There’s even one scene where a black male officer leaves his washing up behind, unsubtly underlining the point that even in a racist, sexist police force, the women are at the bottom of the heap.
If sexism is just a fact of life, so too is the period. There’s a brief slap to an uncooperative suspect, and the fingerprinting and photographing is a little more rough and unsympathetic than it would be today; but in the main the era is evoked by the fashion and the technology – apart from one rather embarrassing moment where our hero exclaims that “it’s 1973!”
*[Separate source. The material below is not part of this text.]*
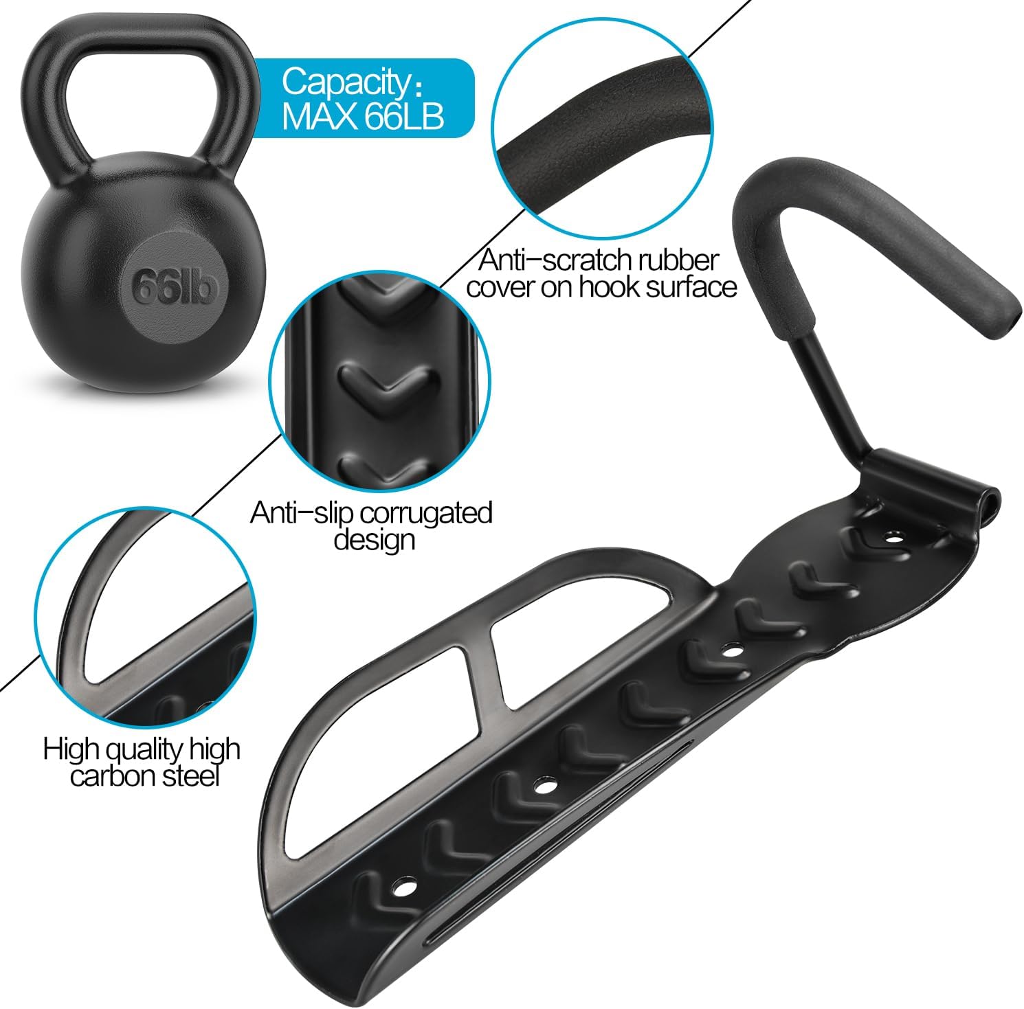 【Anti-scratch Rubber Hook】- The metal hook is covered with rubber to protect bike tires from scratches and can only be used on bikes with tires less than 3.3in wide.

The opening episode starts with the discovery of a young girl’s body. The story will no doubt become more involved as the weeks go by, but this first episode takes the time to introduce its main characters. There’s a lovely performance by Jessica Gunning as experienced WPC Morgan, accepting the system while not totally letting the men get away with it; but the episode is stolen by Stefanie Martini.
Our first sighting of her as the young Jane Tennison is leaping off a bus to tackle a mugger. It’s a dramatic intro for our pro-active hero (or our spunky, have-a-go heroine as they might say in 1973) and since both the husband and the sons of the lady being mugged are planning a bank robbery, it will presumably gain some greater significance. Later we see her attend her first Post Mortem, where she also has her first cigarette (“It helps block out the smell” advises Sam Reid’s kindly DI Bradfield).
On the other hand, at home she’s a petulant child, taking neatly folded laundry from her mother without even a thank you, and “effing and jeffing” when quizzed about being on the pill.
Pleasingly the script avoids the temptation to make Tennison some kind of prodigy, making brilliant deductions that her superior officers have missed. Rather, her ‘triumphs’ are due to a female perspective – pointing out, for example, that the bra used to strangle the victim was strapless, meaning it could have been removed voluntarily by the victim under her top, rather than being taken off by the killer.
Along the way we get glimpses of passion when Jane abandons her Maida Vale politeness to appeal to a possible witness, and even signs of a quick wit (“I thought the force could do with more posh sorts” she retorts when asked why she became a copper). Conversely, when she apes her male colleagues in belittling the case as “a strangled prostitute” she is reprimanded by Bradfield: “She was someone’s daughter.”
If the series can maintain the quality of this opener, then unlike Sam Tyler I’ll be more than happy to spend the next few weeks in 1973.
Am I mad?
Aired at 9pm on Tuesday 2 March 2017 on ITV.